Overall, 84 % of the study children had an episode of URTI at some point during the study period, the number of episodes ranging from zero to twelve per child, with a mean of 2·84 (se 0·08) episodes. About 70 % of the subjects had fever during these episodes. The percentage of days with URTI during the study period was 13·4 (se 0·5) %, and the mean duration per episode was 5·7 (se 0·2) d. By contrast, the next most common illness was diarrhoea, with 14 % of children affected, and only two children were diagnosed with an episode of lower respiratory tract infection (LRTI) during the 4 months.
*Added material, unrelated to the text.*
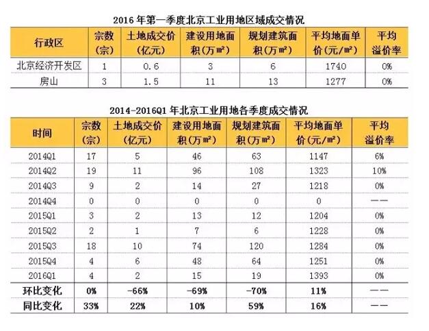 一季度北京成交4宗工业用地 竞争较小且低价成交
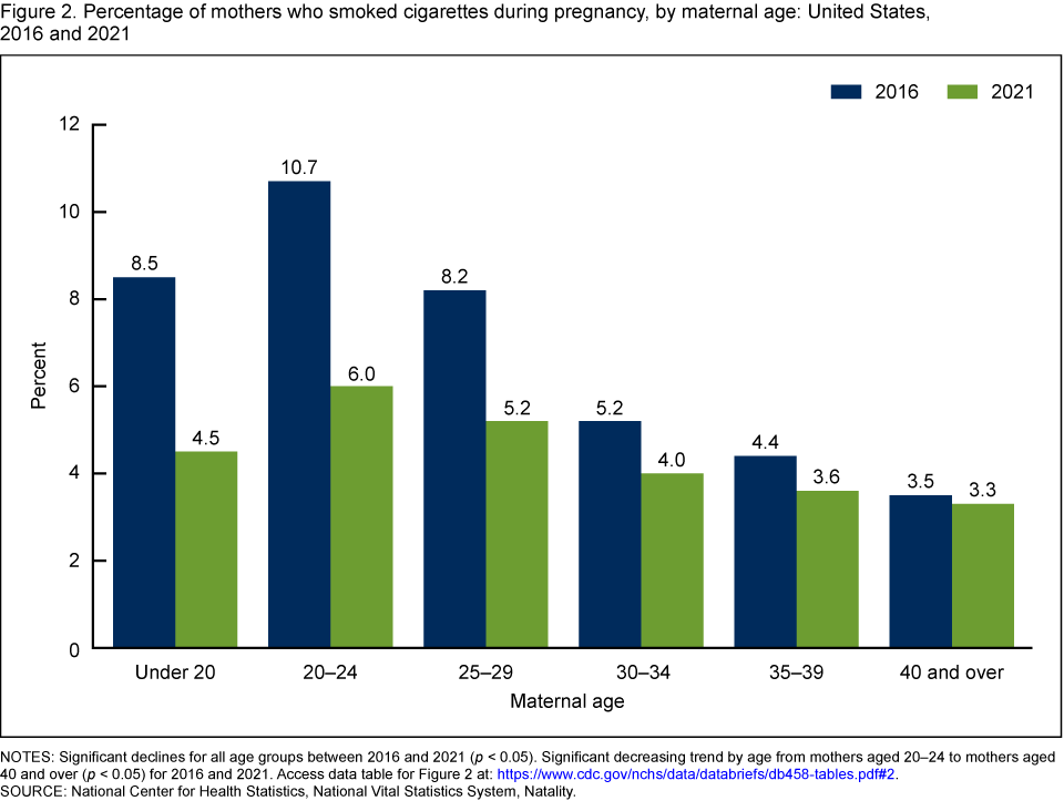 - Cigarette smoking during pregnancy declined for each maternal age group from 2016 to 2021.

Table 2 shows URTI morbidity by treatment group and Table 3 shows the treatment effects. The main effect of Zn across the 4 months of supplementation was a 12 % reduction in the percentage of days with URTI (P = 0·09). The effect was different between the before and after vitamin A supplementation periods, with a reduction of 20 % following the distribution of vitamin A. Vitamin A alone had no effect on the percentage of days with URTI (no difference in the placebo before and after vitamin A supplementation); however, the effect was very strong on children who received Zn supplementation, with a reduction of 9 % in the percentage of days with URTI associated with the ‘interaction effect’, and an overall significant main effect for vitamin A.
Table 2 Levels of upper respiratory tract infections (URTI) morbidity in a trial of zinc supplementation with and without concurrent vitamin A supplementation in Indonesian preschool children (Mean values with their standard errors)
Table 3 Treatment effects in a trial of zinc supplementation with and without concurrent vitamin A supplementation in Indonesian preschool children (Relative risks (RR) and 95 % confidence intervals)
Group A, placebo; group B, Zn supplementation; group C, vitamin A supplementation; group D, Zn + vitamin A supplementation; URTI, upper respiratory tract infection.
* Used GENMOD procedure in SAS, with negative binomial distribution; covariates in final model = posyandu (health centre), observation days.
† Used GENMOD procedure in SAS, with negative binomial distribution; covariate in final model = posyandu.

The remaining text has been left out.